A box and whiskers plot

In [1]:
import pandas as pd

from plotnine import (
    ggplot,
    aes,
    geom_boxplot,
    geom_jitter,
    scale_x_discrete,
    coord_flip,
)

The boxplot compactly displays the distribution of a continuous variable.
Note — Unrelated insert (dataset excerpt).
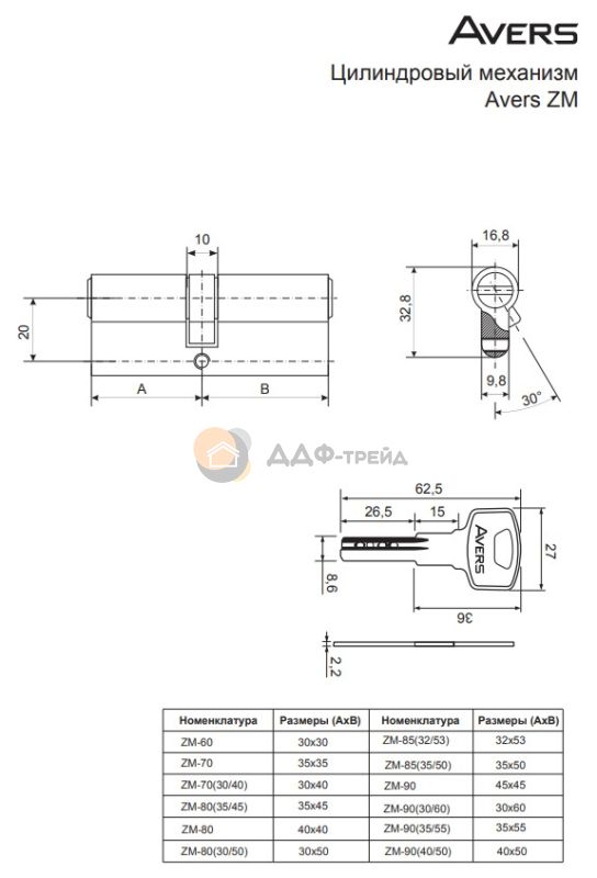 Цилиндровые механизмы Avers ZM - бюджетные цилиндры из ЦАМа, предназначенные для комплектации замков под евроцилиндр 1 класса. Рекомендуются для установки в межкомнатные и входные двери. Во входные двери устанавливаются с другими товарами (приобретаются отдельно): - защитная накладка Avers DP-80-C; - защитная накладка Avers Pro 50/11 совместно с установочными пластинами Avers 50/7-DP-11 или Avers 50/8-DP-15; - защитная накладка Avers Pro 50/27. ВАЖНО: при установке цилиндров не использовать электроинструмент.

Read more: + wikipedia + ggplot2 docs

In [2]:
flights = pd.read_csv("data/flights.csv")
flights.head()
year month passengers
0 1949 January 112
1 1949 February 118
2 1949 March 132
3 1949 April 129
4 1949 May 121

Basic boxplot

In [3]:
months = [month[:3] for month in flights.month[:12]]
print(months)
['Jan', 'Feb', 'Mar', 'Apr', 'May', 'Jun', 'Jul', 'Aug', 'Sep', 'Oct', 'Nov', 'Dec']

A Basic Boxplot

In [4]:
# Gallery, distributions
(
    ggplot(flights)
    + geom_boxplot(aes(x="factor(month)", y="passengers"))
    + scale_x_discrete(labels=months, name="month")  # change ticks labels on OX
)

Horizontal boxplot

In [5]:
(
    ggplot(flights)
    + geom_boxplot(aes(x="factor(month)", y="passengers"))
    + coord_flip()
    + scale_x_discrete(
        labels=months[::-1],
        limits=flights.month[11::-1],
        name="month",
    )
)

Boxplot with jittered points:

In [6]:
(
    ggplot(flights, aes(x="factor(month)", y="passengers"))
    + geom_boxplot()
    + geom_jitter()
    + scale_x_discrete(labels=months, name="month")  # change ticks labels on OX
)